Wednesday, March 3, 2010
Remembering "Smelly" Jelly
In discribing the making of the fantastic highest selling album of all time "Thiller", revealed in the pages of Quincy Jone's 2001 autobiography, it was amusing to find his explanation of the nickname that he and Steven Spielburg used for Michael.
The making of Thriller in a little more than two months was like riding a rocket. Everything about it was done at hyperspeed. Rod Temperton, who also co-wrote several of the album’s songs, and I listened to nearly 600 songs before picking out a dozen we liked. Rod would then submit to me about thirty-three of his own songs on totally complete demos with bass lines, counter lines, and all, recorded on the Temperton high-tech system of bouncing the sound of two cassette recordings between ghetto blasters, and ten to twenty-five alternate titles for each song, with the beginnings of lyric schemes. He was absolutely the best to work with—always totally prepared, not one drop of b.s. We have always kept it very real with each other, exchanging strong opinions and comments without ever “throwing a wobbly”—British slang for “losing it.” He’s the kind of warrior you want at your side on the battlefield.
Michael was also writing music like a machine. He could really crank it up. In the time I worked with him he wrote three of the songs on Off the Wall, four on Thriller, and six on Bad. At this point on Thriller I’d been bugging him for months to write a Michael Jackson version of “My Sharona.” One day I went to his house and said, “Smelly, give it up. The train is leaving the station.” He said, “Quincy, I got this thing I want you to hear, but it’s not finished yet. I don’t have any vocals on it.”

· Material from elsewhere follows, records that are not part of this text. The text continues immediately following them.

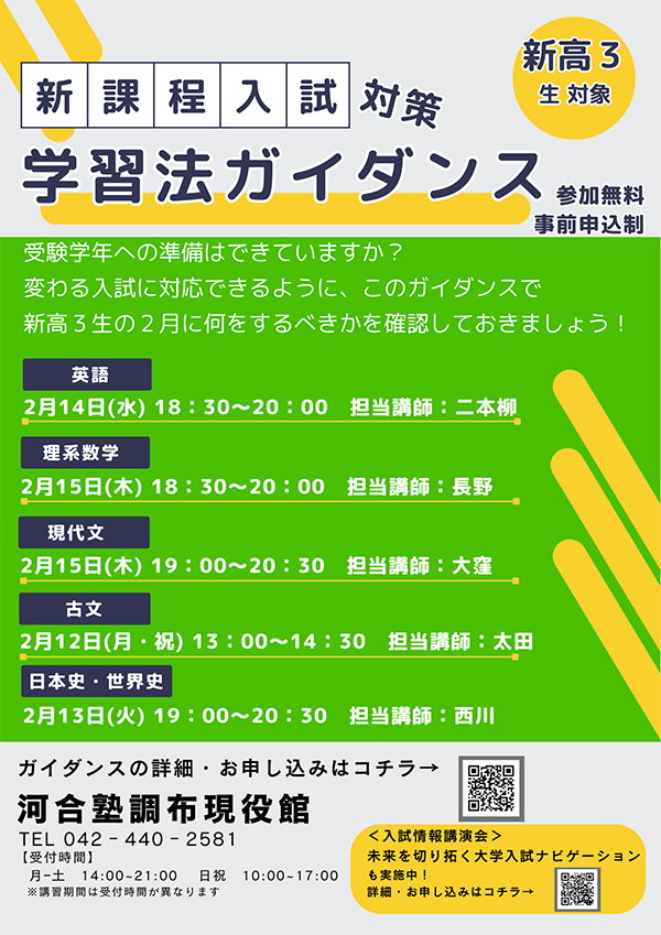 【新高2・3生】2月ガイダンスイベントのお知らせ
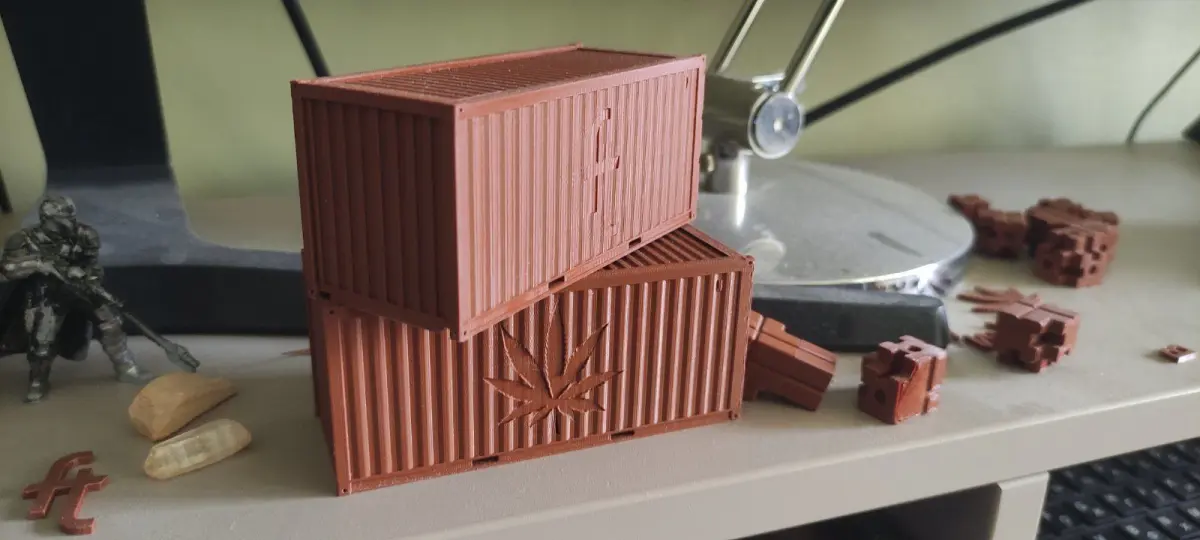 Container is scaled to 100 x 47 X 43mm for 3D printing Best quality on this scale with FFF/FDM printers have with 0.25mm nozzle, with 0.4 nozzle can well be printed a bit bigger 120 mm long. I’m sure will looks great with resin printers too even smaller.Leaf and text on sides are in separate file and if need it can be merged.Very comfortable for organizing desk small items.
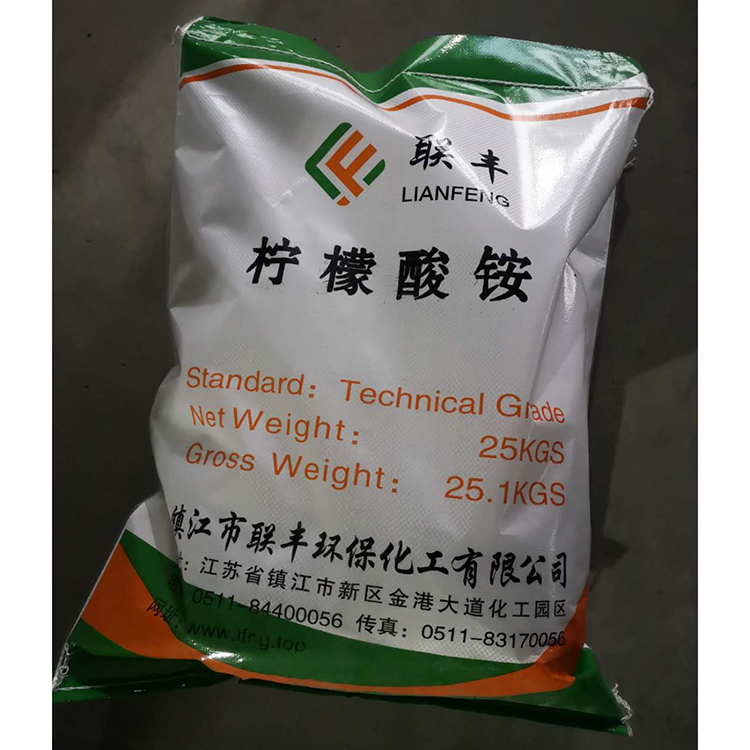 檸檬酸銨主要用于化工分析,工業(yè)水處理,金屬清洗(石油管道清洗),陶瓷分散劑、助滲劑,洗滌劑原料、及土壤改良劑組分,還用于醫(yī)藥、電子等工業(yè)。分析化學(xué)中用作化學(xué)試劑,如肥料中磷酸鹽的測定,測定磷酸鹽及化肥中有效磷酸。電鍍工業(yè)用作無氰電鍍絡(luò)合劑。機械工業(yè)用于配制防銹劑。在食品工業(yè)中作緩沖劑、乳化劑等。EEC主要用于干酪加工。
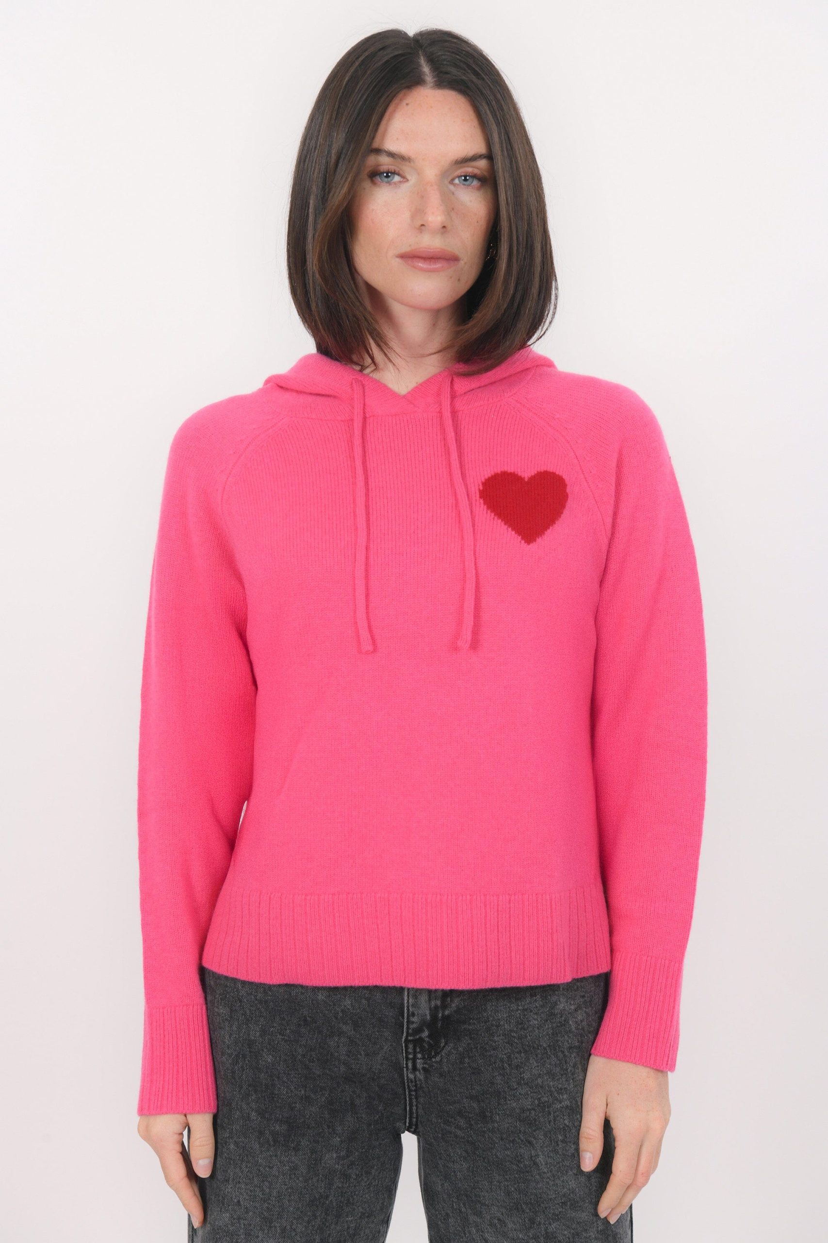 Bart, le pull à capuche ultra douxMaille laine et cachemireCapuche avec liens coulissantsOn adore le cœur contrasté en intarsia sur la poitrineEmmanchures raglanBord côte sur les poignets et le basLongueur 58cm en T0
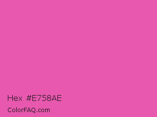 Hex #e758ae Color is a light magenta color and the nearest color is Brilliant Rose #f653a6. Hex code #e758ae and RGB value is rgb(231,88,174). In RGB color space, this color is composed of 91% red, 35% green, 68% blue, In CMYK color space, this color is composed of 0% cyan, 62% magenta, 25% yellow , 9% black , In HSL color space, this color has a hue angle of 324° , 75% saturation and 63% lightness.
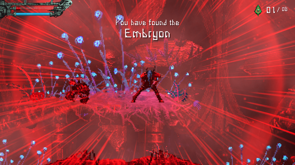 In my first play through, I didn’t know there would be a couple of weapons that could life-steal and be made larger and able to steal more life through upgrades at the various checkpoints. Like with health drops, the game is stingy on blood metals which felt like a shame. It’s easy to die in the game, and being able to more often upgrade weapons would have helped mitigate the pain of dying so often.
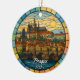 A Personalized Travel Souvenir Ornament designed to celebrate your unforgettable trip to Prague in Czech Republic. Whether you went for work, enjoyed a romantic getaway, or took part in a school exchange program, this ornament commemorates a special moment you’ll always cherish and want to remember for years to come. This ornament features a stained-glass-style design creating a truly eye-catching piece.
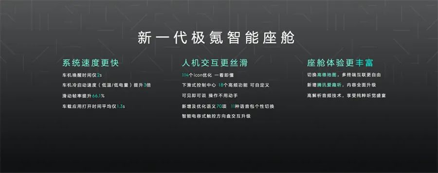 而此次新一代极氪智能座舱可谓完美解决这一问题,据悉,其采用7纳米制程8核CPU、16G内存和128G存储空间,可为用户带来更丰富的车载应用,在人机交互、图像/多媒体画质渲染和处理速率等方面均得到大幅提升。
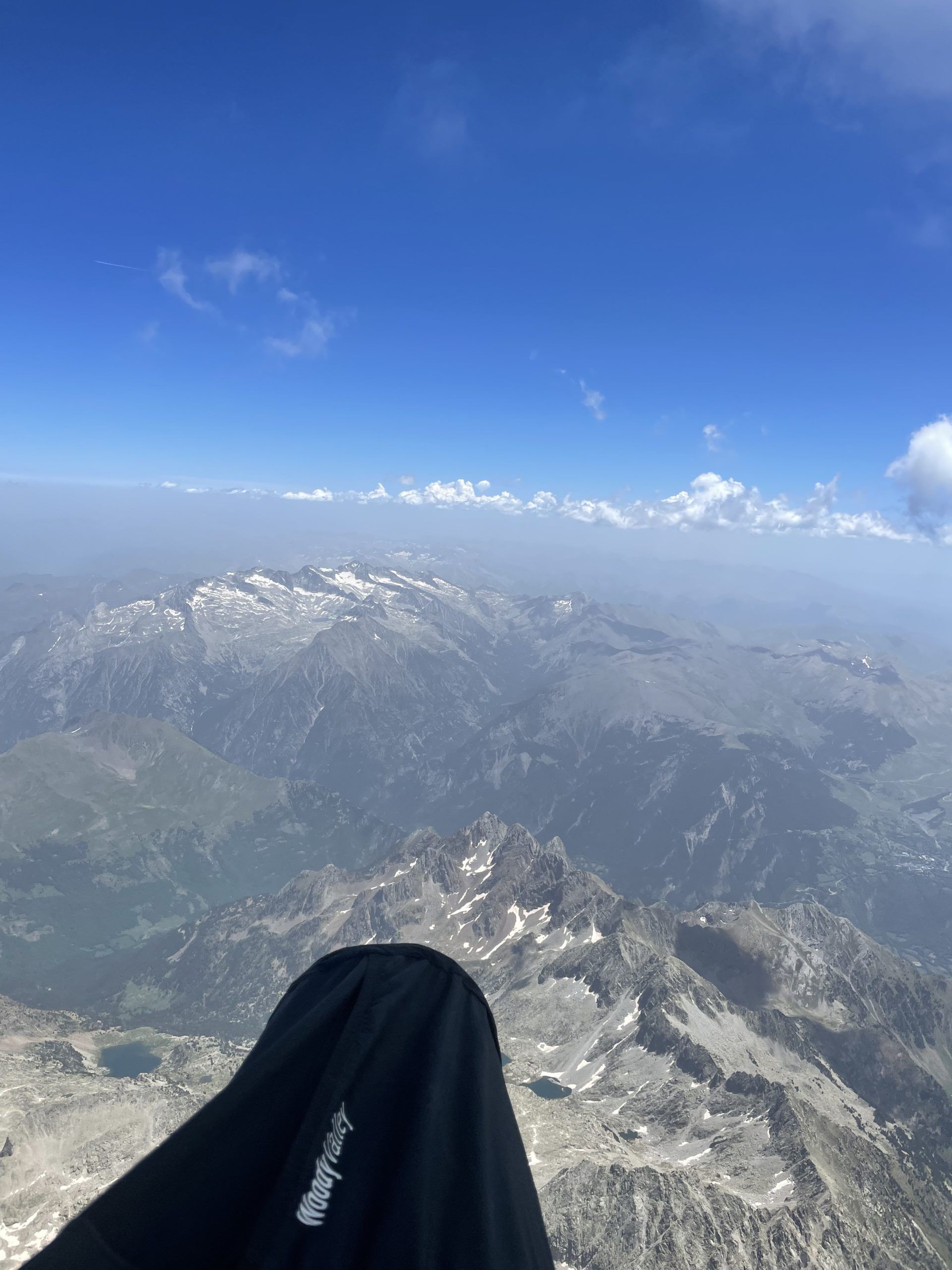 Aquí ha habido 40 grados, lo que significa alcanzar grandes alturas que nos permiten cruzar la cresta principal de los Pirineos con facilidad. El patrón principal, por la mañana es estable en Francia, con mucho calor y poco movimiento, luego ¡Bam! Se pone en marcha y volamos tan rápido como podemos subiendo a más de 7 m/s sin problemas hasta que las nubes se vuelven oscuras y se desarrollan. Estas calurosas caminatas matutinas y algunas carreras calientes nos han ayudado a adaptarnos. Esperamos un gran cambio de tiempo y veremos cómo cambia nuestro ritmo esta semana.
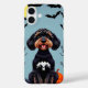 Cartoon-style illustration of a sitting dog with a black and brown coat. The dog has a cheerful expression, with its tongue out and mouth open. In the background, there is a large full moon and several flying bats.
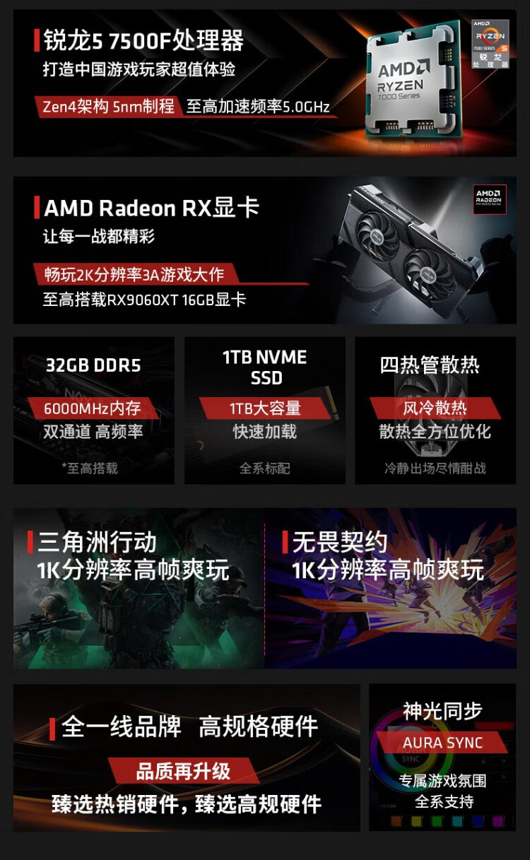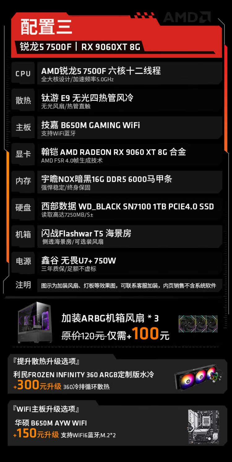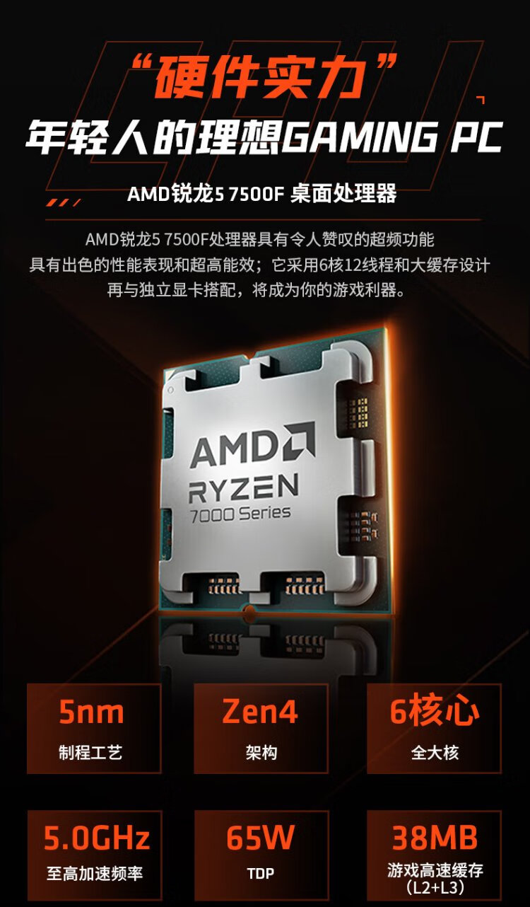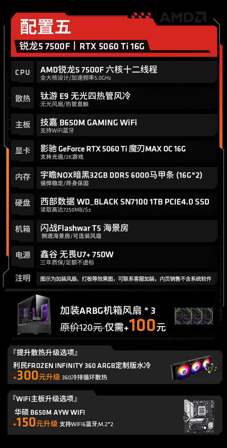 AMD Ryzen R5 7500F/RTX5060Ti/RX9060XT assembly computer host Black Myth Wukong e-sports game computer host desktop complete machine diy assembly machine configuration one R5 7500F+RX7650GRE 8G
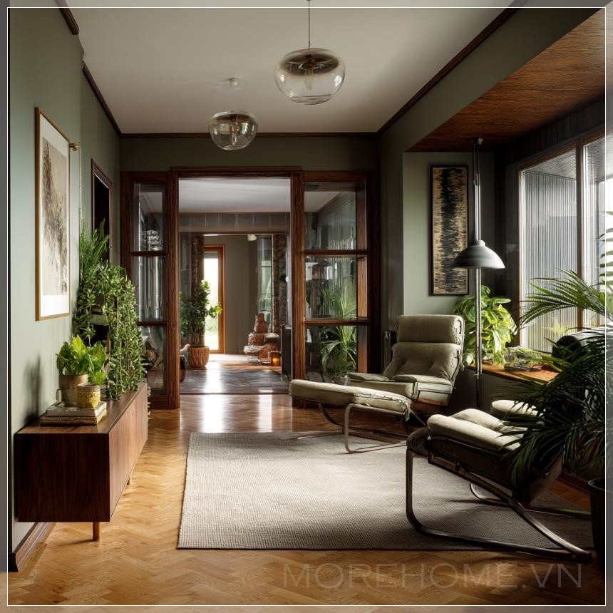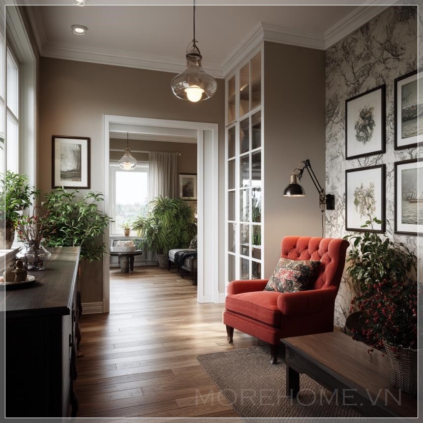 Về mặt thẩm mỹ, tầm nhìn từ phòng khách ra sảnh chính tạo nên chiều sâu thị giác thú vị. Thay vì bị giới hạn trong một không gian khép kín, mắt người có thể du ngoạn tự do, tạo cảm giác rộng rãi và thoáng đãng. Điều này đặc biệt quan trọng đối với những ngôi nhà có diện tích khiêm tốn, giúp tối ưu hóa cảm nhận về không gian sống.
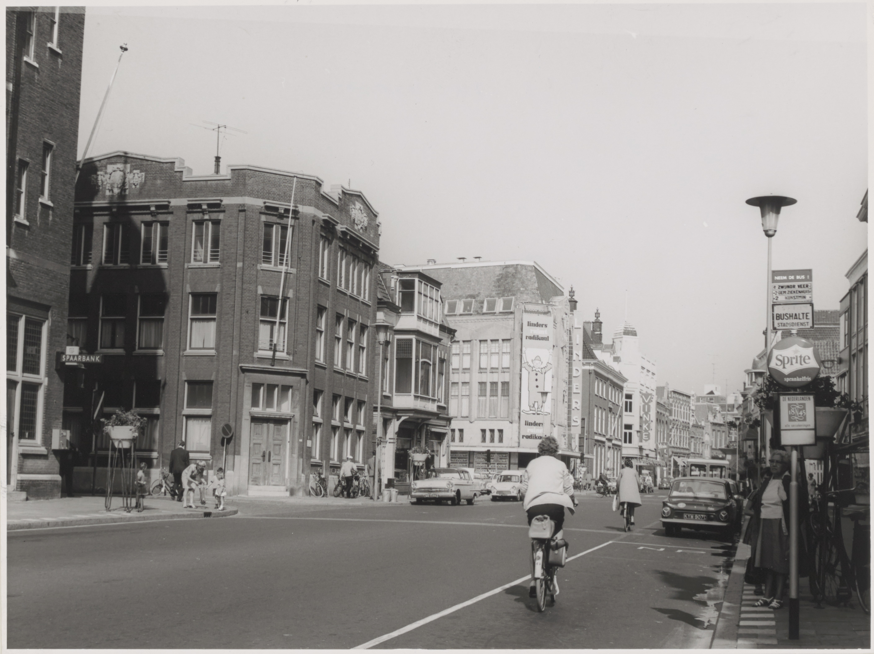 - Bagijnhof richting Visstraat. V.l.n.r. het postkantoor, de Merwedebank, warenhuis Linders en damesmode Vinke.
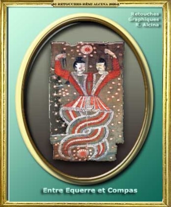« (à propos du Tableau de loge)… Il est à noter que l’on retrouvera une telle organisation dans le Mandala et le Thangka qui sont des supports de Méditation du Bouddhisme tantrique mais aussi plus près de nous dans le Jeu de Marelle Constitué lui aussi d’une Terre d’un Ciel et une zone Intermédiaire numérotée. » – RL∴ 813 FF∴ Libres – Ori∴ Bez∴ – J-l∴ Bou∴ – 6013 –
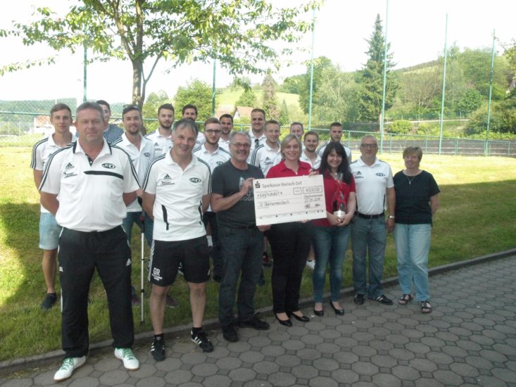 Auch die Sparkasse Haslach-Zell freute sich über die Meisterschaft und den Aufstieg des SV Oberharmersbach in die Landesliga. Kurz vor der Abfahrt zum letzten Saisonspiel am Mittwochabend in Rust gratulierten Geschäftsstellenleiterin Sandra Hoferer und ihre Kollegin Sandra Brucher-Hug der Mannschaft und der Vereinsführung zu dem Erfolg und überreichten symbolisch einen Scheck in Höhe von 500 Euro. Mit diesem Betrag würdigte die Sparkasse nicht nur die Meisterschaft in der Bezirksliga, sondern auch die gute Jugendarbeit im Verein als Grundlage für die sportlichen Erfolge der aktiven Mannschaften. Das Engagement für den regionalen Sport, sowohl im Breiten – wie auch im Spitzensport, gehört seit jeher zum Selbstverständnis der Sparkasse Haslach-Zell. Damit will das Institut den sozialen Zusammenhalt und die Lebensqualität in ihrem Geschäftsgebiet stärken. SVO-Vorsitzender Helmut Killig dankte für die großzügige Geste und die Spieler stimmten zum Dank den Tusch »España olé« an.

I called Michael “Smelly” because when he liked a piece of music or a certain beat, instead of calling it funky, he’d call it “smelly jelly.” When it was really good, he’d say, “That’s some smelly jelly.” I said, “Smelly, it’s getting late. Let’s do it.”
I took him to the studio inside his house. He called his engineer and we stacked the vocals on then and there. Michael sang his heart out. The song was “Beat It.”
We knew the music was hot. On “Beat It” the level was literally so hot that at one point in the studio Bruce Swedien called us over and the right speaker burst into flames. We’d never seen anything like that in forty years in the business.
Who could have ever imagined that one of the most sought after voices, talents, and faces of genius in the world, could and would be discribed, eventhough it be affectionatley as "Smelly"? Michael Jackson has been discribed with a plethora of descriptive words in his lifetime, but "Smelly"? Would we have loved to have the chance to call him that?